Detection and removal of clouds in satellite imagery is a natural application of machine learning, but freely available training datasets have been in short supply. To address this, Azavea has produced — and hereby announces the immediate public release of — a dataset consisting of 32 unique Sentinel-2 tiles with cloud labels produced by humans. The 32 unique tiles are present in L1C (top of atmosphere) and L2A (surface reflectance) versions, they cover 25 unique locations, and all four seasons are represented in the dataset. As we discussed in an earlier blog post, we have been able to use these data to produce some interesting results, but now it is your turn!
The data can be found in a publicly accessible, requester pays S3 bucket:
There are three files associated with every tile in the dataset: a
catalog.zip file (a STAC archive containing the vector labels), a
*L1C-0.tif file (a GeoTiff file containing an L1C version of the tile), and a
*L2A-0.tif file (a GeoTiff file containing an L2A version of the tile). The list of tiles in the dataset can be found on GitHub (that file contains the locations of the
catalog.zip files and the
*L1C-0.tif files, the locations of the L2A files are deducible from the locations of the L1C files).
The total size of the dataset is about 80GB.
The GeoTiff format is venerable and well-known so it does not require further discussion, but the STAC format used for the vector labels might benefit from a few re-introductory words.

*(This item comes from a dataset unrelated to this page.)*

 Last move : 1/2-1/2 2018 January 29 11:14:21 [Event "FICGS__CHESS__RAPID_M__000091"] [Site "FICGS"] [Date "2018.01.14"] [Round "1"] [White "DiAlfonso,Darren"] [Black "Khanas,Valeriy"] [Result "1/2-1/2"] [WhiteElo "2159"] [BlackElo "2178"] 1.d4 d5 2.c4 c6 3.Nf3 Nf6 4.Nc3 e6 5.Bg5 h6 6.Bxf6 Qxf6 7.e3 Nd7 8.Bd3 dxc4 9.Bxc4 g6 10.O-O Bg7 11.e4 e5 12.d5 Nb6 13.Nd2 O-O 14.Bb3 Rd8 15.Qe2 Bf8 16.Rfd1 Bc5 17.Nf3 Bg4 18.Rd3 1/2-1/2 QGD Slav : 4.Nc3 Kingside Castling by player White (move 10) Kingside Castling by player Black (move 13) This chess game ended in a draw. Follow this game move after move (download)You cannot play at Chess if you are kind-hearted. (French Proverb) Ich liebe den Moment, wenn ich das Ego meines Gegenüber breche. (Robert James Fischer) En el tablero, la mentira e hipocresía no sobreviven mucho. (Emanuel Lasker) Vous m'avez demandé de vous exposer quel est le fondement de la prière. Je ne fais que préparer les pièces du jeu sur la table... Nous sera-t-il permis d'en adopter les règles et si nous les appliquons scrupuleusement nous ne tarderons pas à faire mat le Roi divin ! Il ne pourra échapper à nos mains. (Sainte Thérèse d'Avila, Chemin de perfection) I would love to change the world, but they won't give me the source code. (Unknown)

The STAC specification is an effort to produce a lingua franca for geospatial data to facilitate interoperability, indexability, discoverability, &c. The STAC format has been much written about on the Azavea blog (for example here, here, here, and here), and the curious reader is encouraged to read those posts for additional background. STAC archives can contain pointers to raster data, vector data, and many other things.

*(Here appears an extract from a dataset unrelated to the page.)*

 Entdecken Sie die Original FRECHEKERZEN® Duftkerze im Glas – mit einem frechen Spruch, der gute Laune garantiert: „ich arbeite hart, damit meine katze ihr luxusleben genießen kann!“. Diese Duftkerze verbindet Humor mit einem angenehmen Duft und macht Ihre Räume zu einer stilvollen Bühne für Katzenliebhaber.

The STAC archives that are provided in this dataset do not include the location of the underlying Sentinel-2 imagery, but instead, the locations of those files must be taken from the file
catalogs.json provided on GitHub (as previously mentioned).
In this dataset, the GeoJSON vector labels for each Sentinel-2 tile are stored in the associated STAC. The location of the vector label information within each tree-like STAC archive can be located by reference to the following information.
The sole child of the root of each STAC is a
Layer Collection and that
Layer Collection contains an
Image Collection and a
Label Collection. The
Image Collection contains a single item that can be safely ignored because the location of the imagery is given separately, as previously mentioned. The
Label Collection also contains a single
Item, and that item contains the GeoJSON label data.
The reader unfamiliar with STAC is encouraged to use PySTAC in a Python REPL to explore the contents of one or more of the STACs in this dataset. A fully-working example of how to parse these STACs using PySTAC can be found on GitHub.
You can begin to experiment with the dataset immediately by cloning the Azavea Cloud Model GitHub repository.
It is assumed that the reader has an AWS account and that Docker is properly configured and working locally.
To set up the necessary AWS Batch resources, the instructions given in the Raster Vision documentation can be used as a starting point. After the resources have been created, it is necessary to increase the amount of storage available to GPU instances. This is necessary to allow the dataset to fit within the local storage of a GPU instance. The increase in available local storage can be accomplished by adding a launch template to the GPU compute environment that is used to generate GPU instances on Batch. Instructions for how to augment the storage size can be found here. We recommend increasing the local storage to 512GB.
After that, it should be possible to follow the instructions given in the README.md file in the repository.
Given the rasters and STACs in the dataset, you can modify our code or write/use your own!